Are you really proud of yourself for gaining custody over something like "mom couldn't afford the house?" If the judge gave you custody solely based on that, shame on him and shame on you.
Actually, men who get divorced and move out may decide to subsidize the mortgage in order to keep their kids in the same school district, which a parent couldn't afford on one income. If the man pays part of the mortgage and gets part of the equity acquired over time when the house is sold after the kids move out other own, then this can be an investment and a form of child support that will return equity, not "ex-wife support". Also some men do this because they are upside down on the mortgage and if financially able, continuing to pay the mortgage until equity is accrued so house can be sold w/o loss, is a smart move.
+1000 and some men don't want their kids to be forced to move because one parent cannot afford the mortgage. All of the threads I see here operate under the assumption that the man is the lowest form of scum.
OP here. The do respect his decision to provide for his kids. It has become apparent that he cannot afford to maintain the two separate households though. I suspect that he wanted to partner with me, based upon his money borrowing, to help make things more affordable for him to live separately from his ex-wife.
Anonymous wrote:Op—I faced a similar situation. DHs ex wife did not work at all. She was a SAHM till the youngest graduated HS. She now works and makes enough to live on but DH still pays the mortgage on her house.
I knew this going in. It was ok with me. I supported our household for many years. He has 2 kids from his first marriage and 2 from ours.
We all get along very well. The kids get along and there is no resentment between them that the little kids get xyz because I work and their mom did not. We treat all 4 kids fairly. And yes, sometimes a little kid has to give up something for a big kid—but that’s true in any family.
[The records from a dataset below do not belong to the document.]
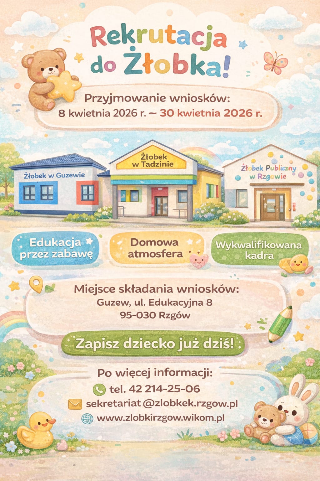 w dniach 8–30 kwietnia 2026 r. odbędzie się rekrutacja do Zespołu Żłobków Samorządowych Gminy Rzgów. Regulamin rekrutacji wraz z załącznikami znajduje się w zakładce REKRUTACJA.
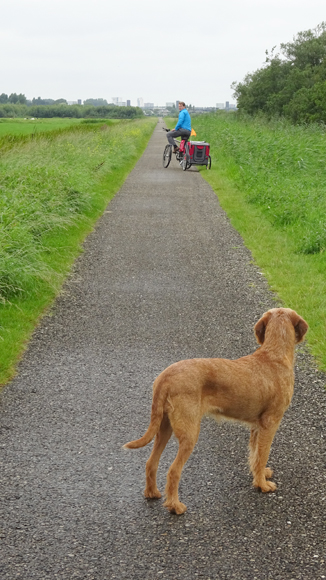 Maar op een gegeven moment wordt het toch wel tijd om eens wat te gaan doen en aangezien wafje ook moet eten, vertrekken we voor ons korte rondje. De doggyride gaat mee, omdat we niet weten of woef het wel leuk gaat vinden vandaag na alle runnetjes en tochtjes. Overigens blijkt zij het beter te doen dan wij want is vrolijk en blij!
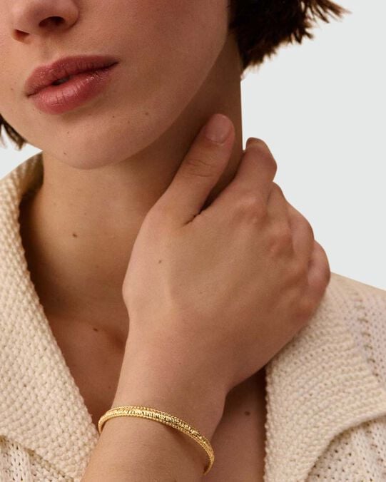 Reconnaissable entre tous, le jonc se distingue par sa forme rigide et circulaire. Contrairement aux bracelets souples, il conserve sa structure et offre un tombé élégant sur le poignet. Disponible en version fermée ou semi-ouverte, il s’enfile facilement et assure un confort optimal tout au long de la journée.
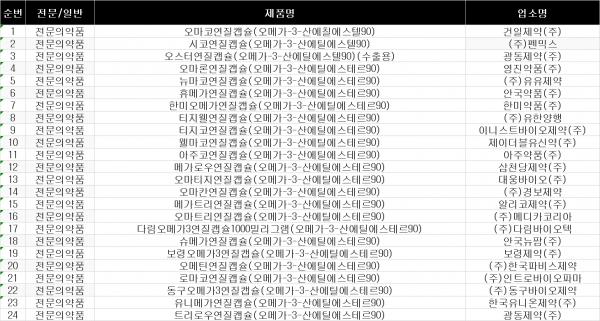 한편, 오메가-3 지방산 함유제제는 건일제약 오마코연질캡슐과 위임형 제네릭인 펜믹스 시코연질캡슐 등 24품목이 시판 중이다.
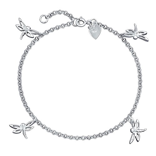 Dragonfly charms come displayed around our cute anklet bracelet for that special exotic look. This ankle bracelet is playful and casual. It is also a great present for summer time fun. The silver anklet is made with .925 sterling silver. More than just another scene stealing piece, this alluring dragonfly charm bracelet is the perfect compliment to any style.Feature
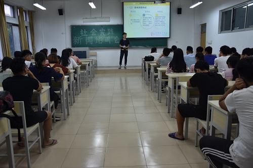 培训会伊始,蒋兴旺以PPT的形式给同学们分点分部展示并讲解新闻基本要点以及写作基本知识。培训过程中,他介绍新闻基本六要素,同时对新闻写作方法进行详细的讲解,强调了标题、导语、主体、背景以及结语新闻五部分的重要性以及具体要求,并结合例子给同学们一一说明难易点。他重点讲到新闻注意事项,其中包括新闻格式、文体符号、时间地点、称呼严谨性、避免主观性以及投稿方法等等。随后,由张晓桐讲解摄影知识。她从专业角度说明摄影方法,包括姿势、相机用法、照片类型以及新闻照片要求,强调了不同场合拍照的注意事项。同学们认真听讲,积极记下重点内容,蒋兴旺与张晓彤的细心讲解,让同学们有效解决相应的新闻和摄影问题,给予社会实践团队很大帮助。最后,由公司员工会实践部部长贺晓培再次强调社会实践活动前准备、过程要求以及结尾总结,并告诉大家认真完成社会实践,在此次活动中获得真正收获。
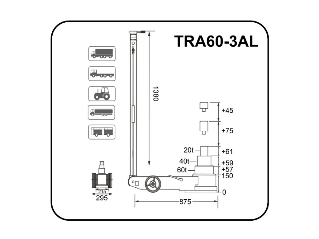 Pneumatický pojízdný zvedák, 60t/40t/20t - TRA60-3AL

DH and I have been together for 20 yrs. His 2nd child was 5 when we started dating. Two are now out of college and we still help them out. We are helping the oldest with the down payment on his house. Our oldest daughters wedding is next summer and we are paying for that. And even though we are paying for it, her bio mom is fully involved and I take the back seat. I bore 2 children but I have 4 and I work to support all 4.
If you’re in this for the long haul, a few years or even a lot of years of helping the ex-wife out is no big deal. It creates harmony within the family structure.
Anonymous wrote:Don't marry him if this bothers you too much. Just stay bf/gf and keep your finances as separate as possible.
Anonymous wrote:Is his name still on the house?